━━ INPUT ━━

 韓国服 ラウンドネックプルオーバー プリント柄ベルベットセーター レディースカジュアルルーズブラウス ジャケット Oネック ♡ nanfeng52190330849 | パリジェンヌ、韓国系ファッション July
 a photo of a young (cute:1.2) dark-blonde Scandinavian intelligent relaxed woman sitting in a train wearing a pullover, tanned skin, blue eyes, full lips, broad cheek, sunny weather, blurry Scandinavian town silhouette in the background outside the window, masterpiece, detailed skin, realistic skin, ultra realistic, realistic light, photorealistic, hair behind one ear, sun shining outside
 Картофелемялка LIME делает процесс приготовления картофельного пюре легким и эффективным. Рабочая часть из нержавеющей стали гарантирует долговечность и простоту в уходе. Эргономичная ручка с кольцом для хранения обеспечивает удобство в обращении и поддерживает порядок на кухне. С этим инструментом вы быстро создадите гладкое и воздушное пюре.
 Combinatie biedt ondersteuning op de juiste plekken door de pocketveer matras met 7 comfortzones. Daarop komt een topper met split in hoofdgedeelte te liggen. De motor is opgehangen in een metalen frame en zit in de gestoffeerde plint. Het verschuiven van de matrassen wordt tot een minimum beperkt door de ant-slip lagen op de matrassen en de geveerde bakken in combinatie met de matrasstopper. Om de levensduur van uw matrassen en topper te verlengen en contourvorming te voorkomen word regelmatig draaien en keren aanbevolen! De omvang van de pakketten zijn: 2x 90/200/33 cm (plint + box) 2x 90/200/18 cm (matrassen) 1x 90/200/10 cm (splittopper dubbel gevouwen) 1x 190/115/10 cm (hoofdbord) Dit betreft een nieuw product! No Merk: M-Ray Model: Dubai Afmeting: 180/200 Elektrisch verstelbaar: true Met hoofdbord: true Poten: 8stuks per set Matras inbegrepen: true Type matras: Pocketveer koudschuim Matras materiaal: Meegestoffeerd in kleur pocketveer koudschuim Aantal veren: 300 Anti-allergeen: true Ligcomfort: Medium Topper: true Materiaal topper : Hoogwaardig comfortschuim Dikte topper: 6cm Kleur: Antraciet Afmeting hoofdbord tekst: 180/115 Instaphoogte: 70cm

━━━
━━ INPUT ━━

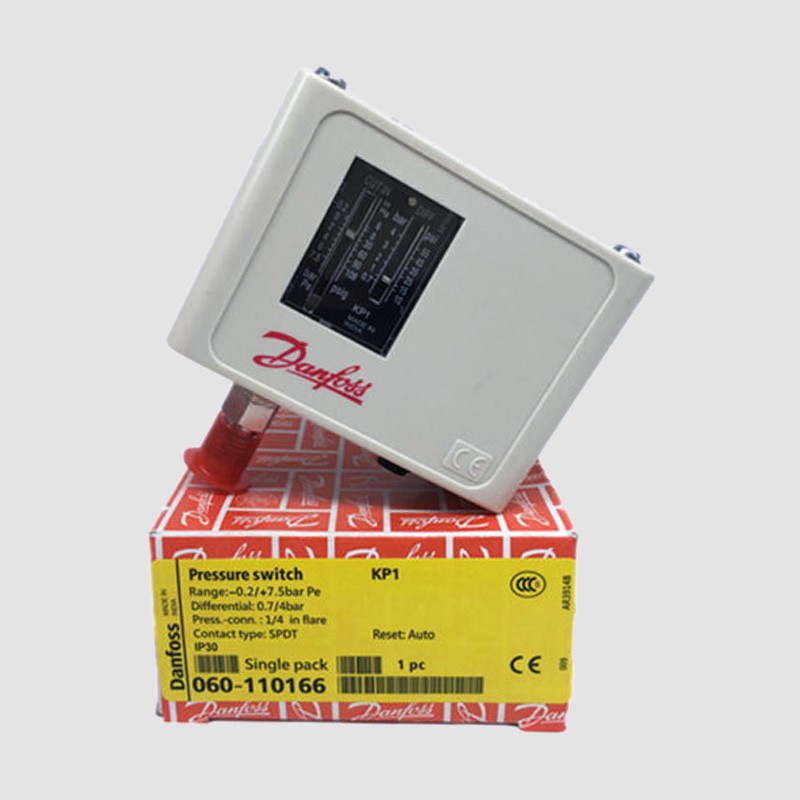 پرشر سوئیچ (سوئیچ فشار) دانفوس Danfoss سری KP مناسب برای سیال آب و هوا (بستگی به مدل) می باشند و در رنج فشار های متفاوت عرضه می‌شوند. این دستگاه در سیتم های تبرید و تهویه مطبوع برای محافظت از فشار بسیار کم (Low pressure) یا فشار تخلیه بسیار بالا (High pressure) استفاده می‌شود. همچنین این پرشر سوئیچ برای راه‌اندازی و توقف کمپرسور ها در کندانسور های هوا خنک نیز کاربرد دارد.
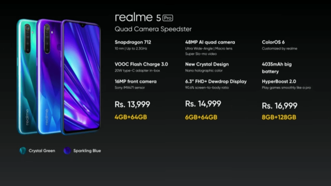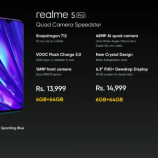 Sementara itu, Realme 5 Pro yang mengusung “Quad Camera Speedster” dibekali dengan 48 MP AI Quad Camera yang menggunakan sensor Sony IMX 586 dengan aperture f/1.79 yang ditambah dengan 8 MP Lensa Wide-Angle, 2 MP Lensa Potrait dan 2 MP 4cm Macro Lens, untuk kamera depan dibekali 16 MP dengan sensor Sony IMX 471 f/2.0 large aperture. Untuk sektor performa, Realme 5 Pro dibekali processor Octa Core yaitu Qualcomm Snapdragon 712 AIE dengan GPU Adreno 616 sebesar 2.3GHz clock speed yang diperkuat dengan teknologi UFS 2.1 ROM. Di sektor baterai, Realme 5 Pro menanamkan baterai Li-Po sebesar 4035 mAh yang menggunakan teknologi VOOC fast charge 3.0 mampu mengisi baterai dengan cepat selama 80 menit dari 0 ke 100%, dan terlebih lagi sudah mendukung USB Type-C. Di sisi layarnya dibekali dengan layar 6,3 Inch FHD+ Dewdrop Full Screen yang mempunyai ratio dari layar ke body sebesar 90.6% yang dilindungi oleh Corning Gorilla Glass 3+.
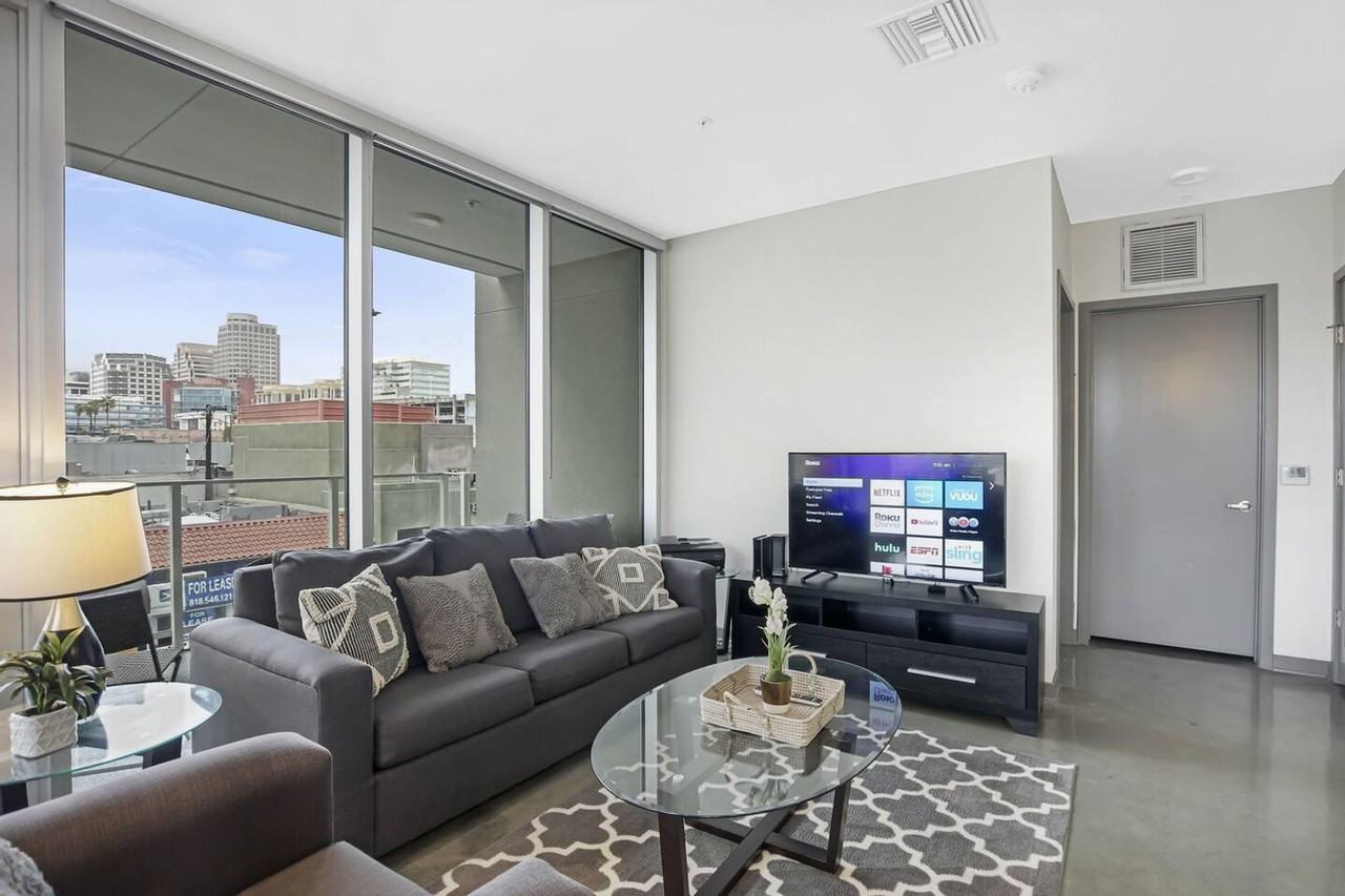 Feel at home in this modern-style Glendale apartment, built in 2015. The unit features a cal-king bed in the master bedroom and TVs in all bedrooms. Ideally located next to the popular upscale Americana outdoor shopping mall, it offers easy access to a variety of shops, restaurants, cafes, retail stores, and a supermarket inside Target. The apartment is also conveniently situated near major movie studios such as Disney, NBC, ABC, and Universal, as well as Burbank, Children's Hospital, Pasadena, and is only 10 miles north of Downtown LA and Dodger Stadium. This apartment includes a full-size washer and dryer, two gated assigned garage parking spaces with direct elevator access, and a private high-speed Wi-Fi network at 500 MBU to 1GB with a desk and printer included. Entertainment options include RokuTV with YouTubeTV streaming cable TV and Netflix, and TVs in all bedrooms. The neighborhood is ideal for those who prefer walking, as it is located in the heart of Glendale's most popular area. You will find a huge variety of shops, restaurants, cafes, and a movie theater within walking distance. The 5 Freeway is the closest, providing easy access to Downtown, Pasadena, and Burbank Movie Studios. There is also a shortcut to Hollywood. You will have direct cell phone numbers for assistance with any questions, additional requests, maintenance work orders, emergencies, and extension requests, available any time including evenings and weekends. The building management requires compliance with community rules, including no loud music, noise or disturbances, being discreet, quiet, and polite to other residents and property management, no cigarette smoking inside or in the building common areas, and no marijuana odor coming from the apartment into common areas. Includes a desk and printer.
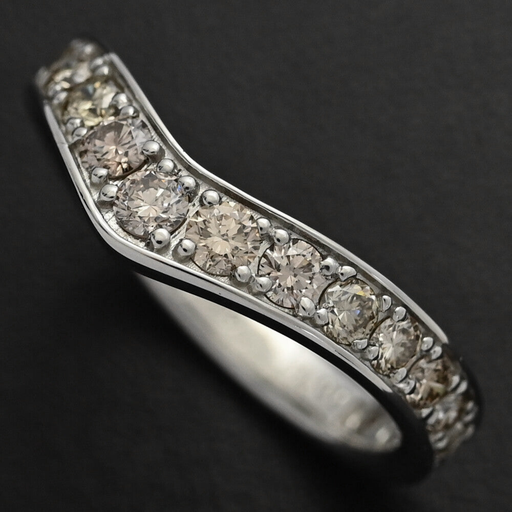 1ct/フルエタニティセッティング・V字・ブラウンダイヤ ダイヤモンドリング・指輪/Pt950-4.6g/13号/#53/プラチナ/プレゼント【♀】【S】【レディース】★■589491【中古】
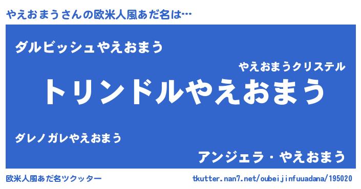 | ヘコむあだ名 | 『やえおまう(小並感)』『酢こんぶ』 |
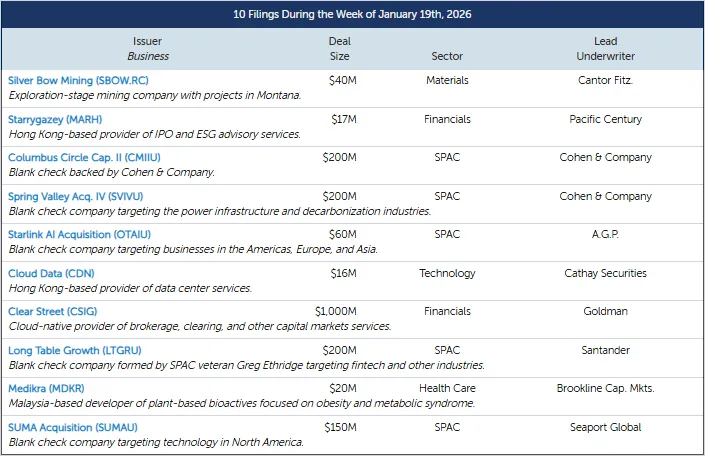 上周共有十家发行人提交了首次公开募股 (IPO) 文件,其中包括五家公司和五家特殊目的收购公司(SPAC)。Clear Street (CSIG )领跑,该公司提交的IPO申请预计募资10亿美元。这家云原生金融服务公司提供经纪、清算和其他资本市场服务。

━━━

WHAT THE EXERCISE ASKS: Print exactly the lines above that run from the one with "ヘコむあだ名 | 『やえおまう(小並感)』『酢こんぶ』 |" down to the one with "上周共有十家发行人提交了首次公开募股 (IPO) 文件,其中包括五家公司和五家特殊目的收购公司(SPAC)。Clear", and omit the pictures.

ANSWER TO THIS PROBLEM:
 | ヘコむあだ名 | 『やえおまう(小並感)』『酢こんぶ』 |
 上周共有十家发行人提交了首次公开募股 (IPO) 文件,其中包括五家公司和五家特殊目的收购公司(SPAC)。Clear Street (CSIG )领跑,该公司提交的IPO申请预计募资10亿美元。这家云原生金融服务公司提供经纪、清算和其他资本市场服务。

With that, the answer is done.